Led by Jeffrey Vetter, joint professor of computational science and
engineering at Georgia Tech and Oak Ridge National Laboratory, Keeneland
is an NSF-funded project to deploy a high-performance heterogeneous
computing system consisting of HP servers integrated with NVIDIA Tesla
GPUs. Entering its second-year, the project will deploy its initial
delivery system – the first of two experimental systems – this month.
During the initial performance runs, the Keeneland system was clocked at
running 64 teraflops per second, placing it well within the top 100
systems in the world on the most recent TOP500 list of supercomputers
(June 2010). Given the system's excellent energy efficiency of
approximately 650 megaflops per second per watt on the TOP500 Linpack,
the team is hoping to secure a strong position on the Green500 list of
the most energy efficient supercomputers in the world. Keeneland is
supported by a $12 million grant from NSF's Track 2D program, a
five-year activity designed to fund the deployment and operation of two
innovative computing systems, with an overarching goal of preparing the
open computational science community for emerging architectures that
have high performance and are energy efficiency.

"Heterogeneous computing will play an important role in the future
of high performance computing due to the new challenges of extreme
parallelism and energy efficiency," said Vetter. "The Keeneland
partnership is providing hardware and software resources, training, and
expertise to the computational science community at a critical time in
this transition to new computing architectures."

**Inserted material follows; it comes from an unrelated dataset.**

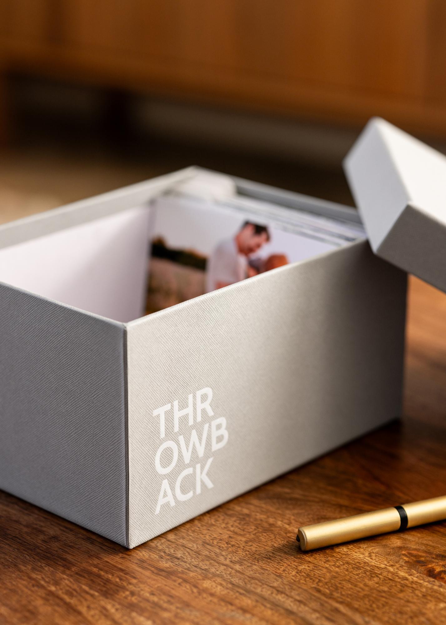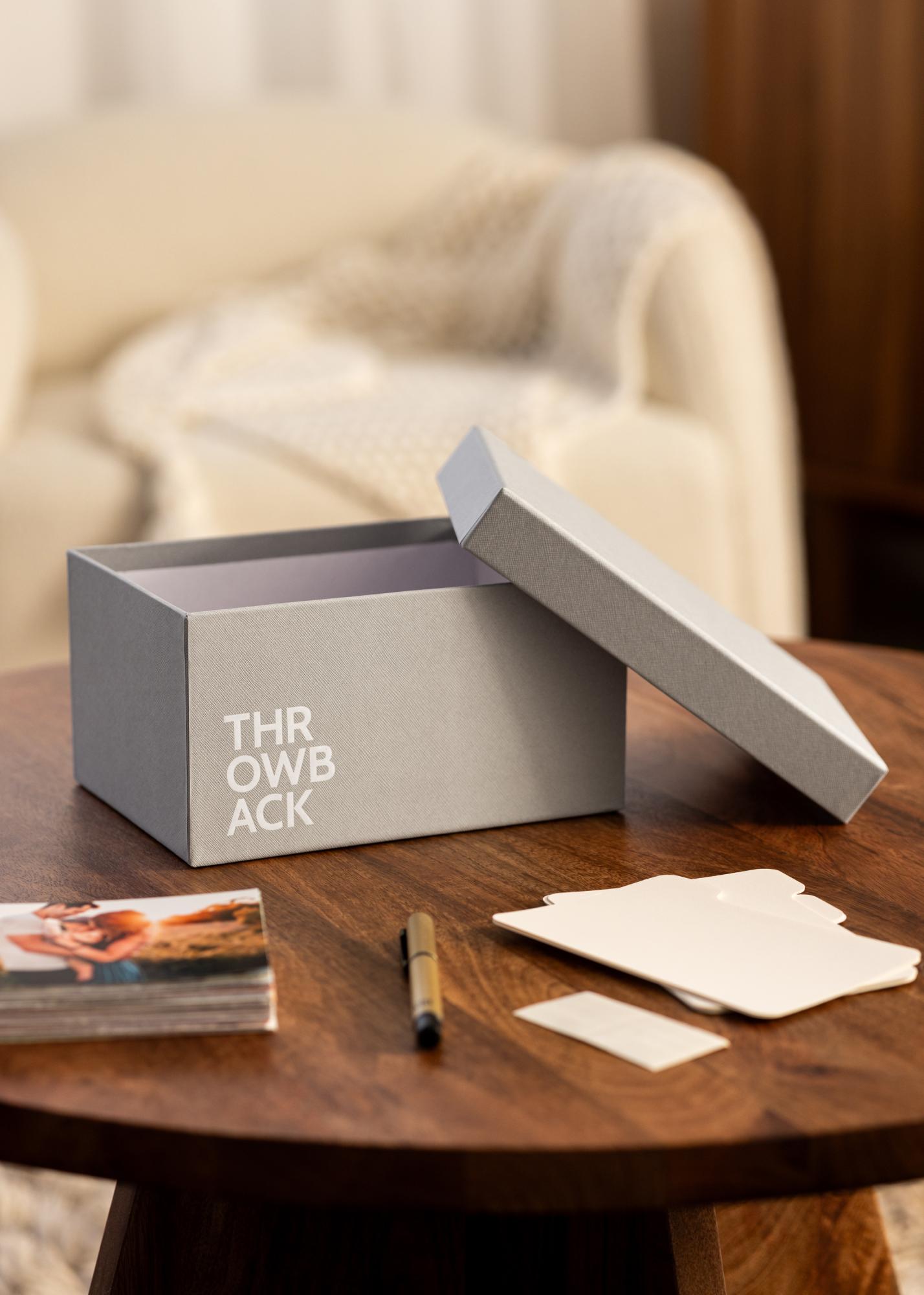 KAILA Throwback Foto Dėžutė yra stilinga ir praktiška nuotraukų dėžutė elegantiškos pilkos spalvos. Ji talpina iki 700 nuotraukų, dydžiu 10x15 cm, ir yra puiki priemonė organizuoti ir išsaugoti jūsų mėgstamus prisiminimus. Dekoratyvus ir funkcionalus sprendimas tiems, kurie nori turėti savo nuotraukas surinktas gražiu būdu.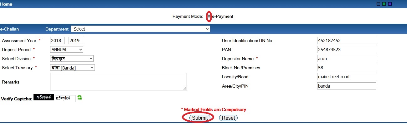** Finally click the Submit button to save the transaction for e-payment or Payment across bank counter mode.

A Georgia Tech team led by George Biros is a Gordon Bell Prize
finalist at SC10 for their work demonstrating the simulation of blood
flow using heterogeneous architectures and programming models at the
petascale using CPU and hybrid CPU-GPU platforms, including the new
NVIDIA Fermi architecture and 200,000 cores of ORNL's Jaguar system.

Reliable and sustainable computing are core aspects of DARPA's
recently announced Ubiquitous High Performance Computing (UHPC) program,
a $100 million initiative to build future systems that dramatically
reduce power consumption while delivering a thousand-fold increase in
processing capabilities. Georgia Tech researchers are supporting several
components of the NVIDIA-led UHPC team, ECHELON, while the Georgia Tech
Research Institute (GTRI) will lead a fifth group, CHASM, that will
develop applications, benchmarking and metrics to drive UHPC system
design considerations and support performance analysis of the developing
system designs.

"The key to solving the energy requirement roadblock to future
systems is massive parallelism, which requires an entirely new way of
thinking about today's algorithms and architectures," said Dan Campbell,
senior researcher at GTRI and a co-PI of CHASM.

"UHPC provides an opportunity for anticipated application challenges
to influence the high-end system designs, in ways that are outside the
traditional planning of industrial roadmaps in high performance
computing," said David Bader, professor of Computational Science &
Engineering at Georgia Tech and Applications Lead for ECHELON.

Georgia Tech was also named an NVIDIA CUDA Center of Excellence in
August 2010, further empowering the Institute to conduct game changing
research and increase the computing power available to scientists and
engineers through massively parallel computing.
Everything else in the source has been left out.